Looking slightly incongruous amongst the glitzy 4x4 campers conversions displayed at the recent Overland Expo in Arizona were three delightfully simple Series 2/2a Dormobiles.
Where neighbours had chrome, gizmo’s galore and every conceivable extra to make life on the trail very similar to life at home, these stood out as representing the core values of all that is really needed to head out into the vast plains of the American outback and enjoy whatever the wilderness has to offer. A simple balance of accommodation and the ability to traverse trails that might challenge a 2WD camper.
The Martin-Walker built Dormobiles have always managed to address this requirement with style and practicality, be it the legendary VW Campers coveted by the surf crowd, or those early Bedford CA conversions sold in the UK to young families seeking a cheap holiday option. They have always been fairly basic in the use of materials with steel cupboards and a folding fibreglass and plastic roof but adequate in every respect ensuring an enthusiastic following around the Globe. In the early 1960’s they represented freedom to many amateur adventurers, even though seldom venturing further than UK campsites, but with the Land Rover version there was the opportunity to venture further afield.

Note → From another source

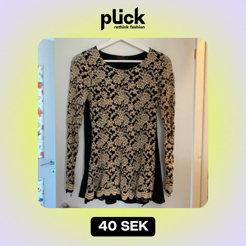Fin blus med spets, svart och beige. Storle L men det är ganska liten och har stretchig material. Skön att ha på sig.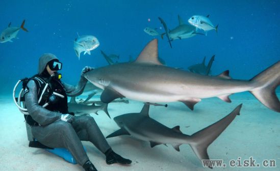 在来自澳大利亚新南威尔士州的Benjamin Buchan看来,鲨鱼其实并没有看上去那么恐怖。在一位鲨鱼专家的指导下,Benjamin在巴哈马群岛给一群加勒比礁鲨喂了食。对于普通人来说,像Benjamin这样敢在有成鲨鱼出没的水域里下水就已经很大胆了,更不用说去触碰它们,给鲨鱼喂食更是不可想象。

With four wheel drive and the Land Rover's well established reputation amongst expedition organisers, the humble Dormobile became as much a feature of large and small scale expeditions as the Primus stove and the Ordnance Survey map.

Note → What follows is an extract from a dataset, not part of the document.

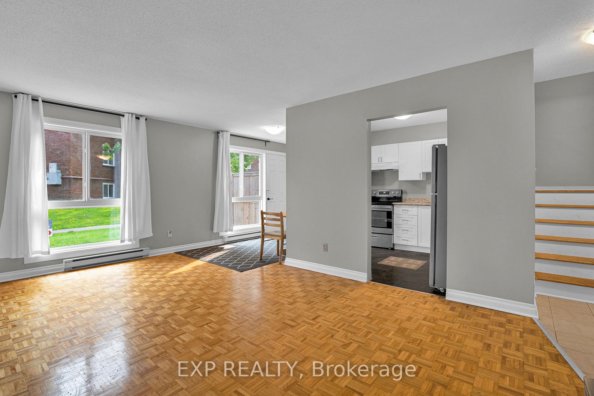 Affordable and SUPER CONVENIENT, this SOUTH-FACING 4BED/2BATH TOWNHOME is perfectly located just a short stroll to the COSTCO, PUBLIC LIBRARY, SPLASH WAVE POOL, and offers EASY HIGHWAY ACCESS. You're also close to CSIS, NRC, MONTFORT HOSPITAL, CMHC, LA CITE, and just minutes from GLOUCESTER SHOPPING CENTRE, WALMART, LRT and more! Inside, you'll find a BRIGHT, OPEN-CONCEPT main floor with NATURAL LIGHT pouring in through large windows. The spacious LIVING and DINING AREA flows into a stylish KITCHEN featuring WHITE CABINETRY, STAINLESS STEEL APPLIANCES, and PLENTY OF COUNTER SPACE! Perfect for meal prep and entertaining. There's also a versatile MAIN FLOOR ROOM that can be used as a GYM, HOME OFFICE, or EXTRA BEDROOM for a growing family. Upstairs offers THREE GENEROUSLY SIZED BEDROOMS and a FULL BATHROOM with DOUBLE VANITY that's so convenient for busy mornings! Outside, enjoy your own PRIVATE BACKYARD and PATIO, surrounded by MATURE TREES, and take advantage of the FANTASTIC IN-GROUND POOL and PLAYGROUND, ideal for SUMMER entertainment and FAMILY FUN!

The three examples featured here all belong to members of the Arizona Land Rover Club and although outwardly similar, each could not be more different under the all encompassing Land Rover Dormobile umbrella.
Ian Kelly bought his elegantly original 1962 model in Seattle to supplement an 88 inch Land Rover he already had. Ian is an Englishman through and through, but moved to California with his work as a Video Engineer 20 years ago. Early successes were working with the team who produced Back to the Future 2 and he is still much in demand. Those who watch TV over here may be familiar with Ian’s younger brother, the actor Matthew Kelly known for his presentation of Stars in their Eyes, but also an accomplished stage and screen actor.
The Land Rover was in good order when purchased, but Ian has rebuilt the interior with new plywood and brass hinges and more recently reupholstered the seats to bring the whole interior up to the standard it was when it left the Martin Walter factory in Folkestone fifty years ago. Far from a cosseted life, this Land Rover has been on many big trips, often in the company of the other two featured here and rarely without incident. Ian recalls a notable trip home from an adventure along the Old Mojave Road.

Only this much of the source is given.